The Impact Of Our New Toilet Block.

Challenges facing girls on their periods.

Girls across rural Arusha, Tanzania, face multiple challenges to effective menstrual hygiene management (MHM). These challenges can develop from a lack of understanding and education on menstruation and menstrual hygiene management, which can lead to stigmatisation of menstruating girls and young women. There are physical barriers such as a lack of pain relief to manage menstrual cramps, inappropriate or non existent facilities for disposal of used sanitary products, limited access to Water, sanitation and hygiene (WASH) services needed to keep clean and safe during menstruation and limited access to private space for MHM practices. Female students are therefore left with few options but to stay at home and not attend school when they are on their period. This means that girls can lose around 48 days of education each year. Menstruation should not be a barrier to accessing education!

Our Menstrual Hygiene Management project at Marurani

Phase 1: Sanitary pads and menstruation education for all girls

In 2020, we delivered a Menstrual Hygiene Management projectat Marurani in partnership with local experts (Femme International). The project aimed to increase knowledge of menstruation and hygiene among students and community members and distribute sanitary products to students. The project also involved teacher training which was delivered by Femme International, and included training teachers to deliver accurate education on puberty, reproductive anatomy, sexual health, body hygiene, menstruation, and menstrual management. The aim was to provide teachers with the tools to tackle the stigma around periods in the community.

These girls were Missing up to 48 days of school a year just because they can’t attend during their periods.

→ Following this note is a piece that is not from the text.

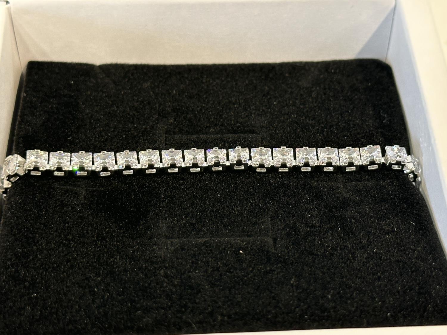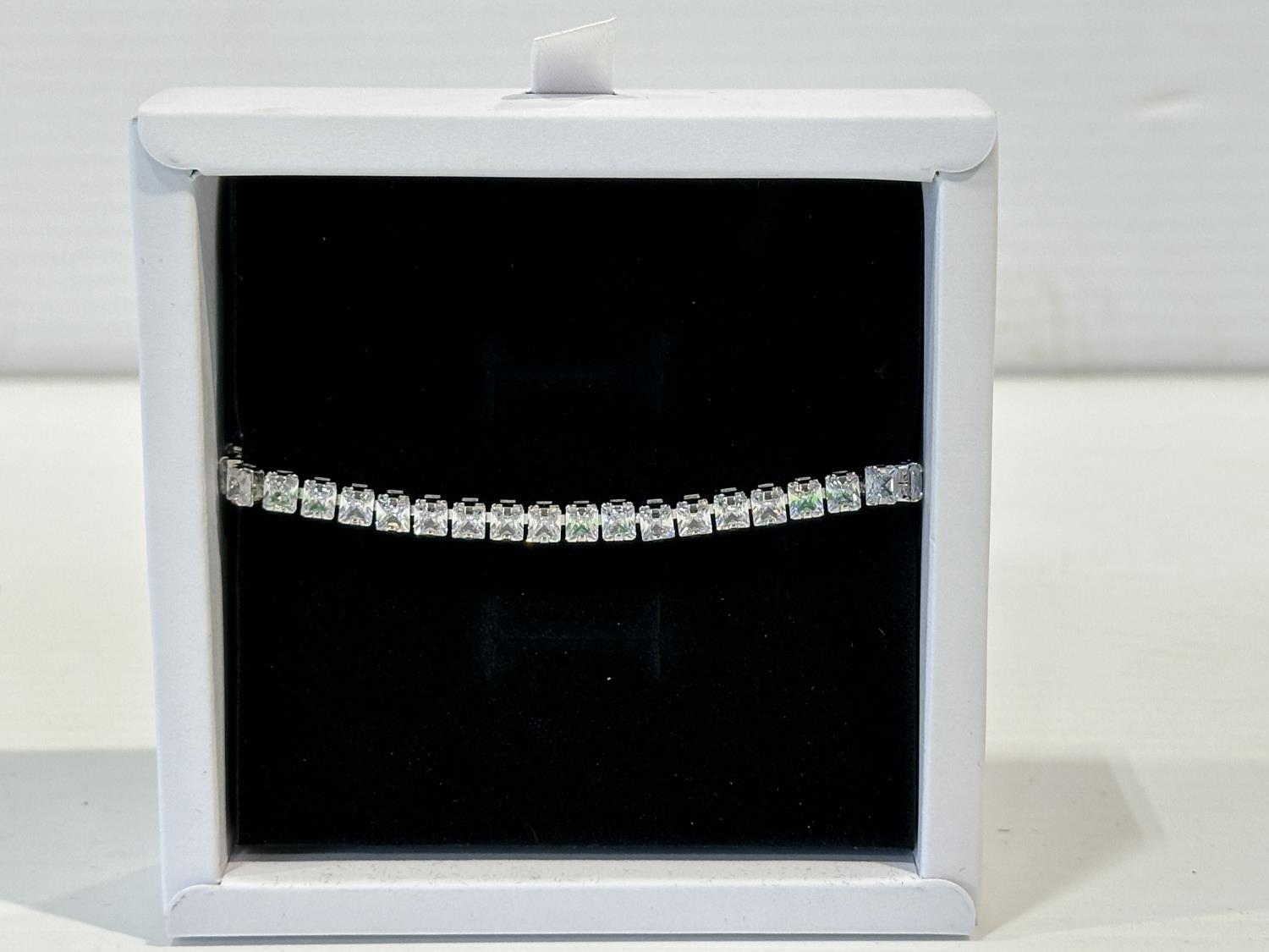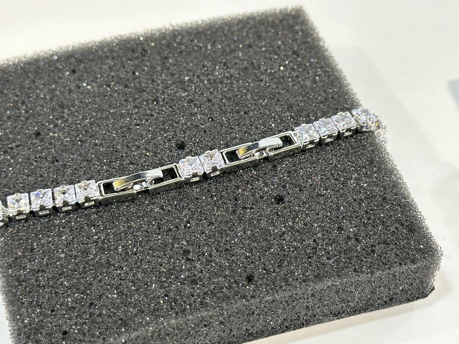 1787 Smartlife Platinum Plated 4.0 mm Princess Cut Tennis Bracelet (Unused)

Phase 2: 10 new girls toilets

Marurani school only had two girls toilet cubicles, both of which were flooded from heavy rain leaving them pretty much unusable. Working with our partner organisation Ndoto in Action (NIA) we identified the need to construct a new toilet block. Thanks to the Brinda Jaykant Shah Foundation and One Kind Act we were able to construct a new toilet block at the end of 2021.

The new girls toilet block consists of:

  • 10 toilets, with one accessible toilet, specially designed to accommodate people with physical disabilities
  • A handwashing station with 12 taps
  • A changing room
  • A dedicated incinerator for waste disposal.
  • Cupboards of menstrual provisions in the girls toilet to encourage girls to attend school when menstruating.

Effective Menstrual Hygiene Management creates opportunities and gives girls the space to learn and enjoy school.

We asked a student at Marurani what she thinks:

“ My name is Alisia Kelvin. I am in standard seven at Marurani primary school. I really appreciate One Kind Act for constructing a modern girl’s friendly toilet in our school. In the previous, we faced the challenge of being in the long queue waiting for one after one pupil to use the toilet. The toilet we were using hadn’t enough rooms and functioning handwashing station with available water. Due to this, we were exposed to unsafe water, poor sanitation, and hygiene which resulted in illness. We were also facing the challenge during our menstrual periods so some of us had no other option than to stay at home while classes are going on. This eventually affected our academic performance.

After the construction of girls-friendly toilets, the support from One Kind Act, we are now enjoying being at school even when we are in our menstrual periods. These toilets have enough rooms with a functioning hand washing station, incinerator, changing room with available clean water, and other menstrual hygiene management facilities such as environmentally friendly sanitary pads, soap, and underwear. This support from One Kind Act has brought new hope and smiles to our faces. We are now improving academically and we are looking forward to performing our bests and becoming professionals in our communities.

Thank you to Brinda Jaykant Shah Foundation and One Kind Act for funding the construction of new toilet blocks and removing the barrier to education that ineffective MHM can create!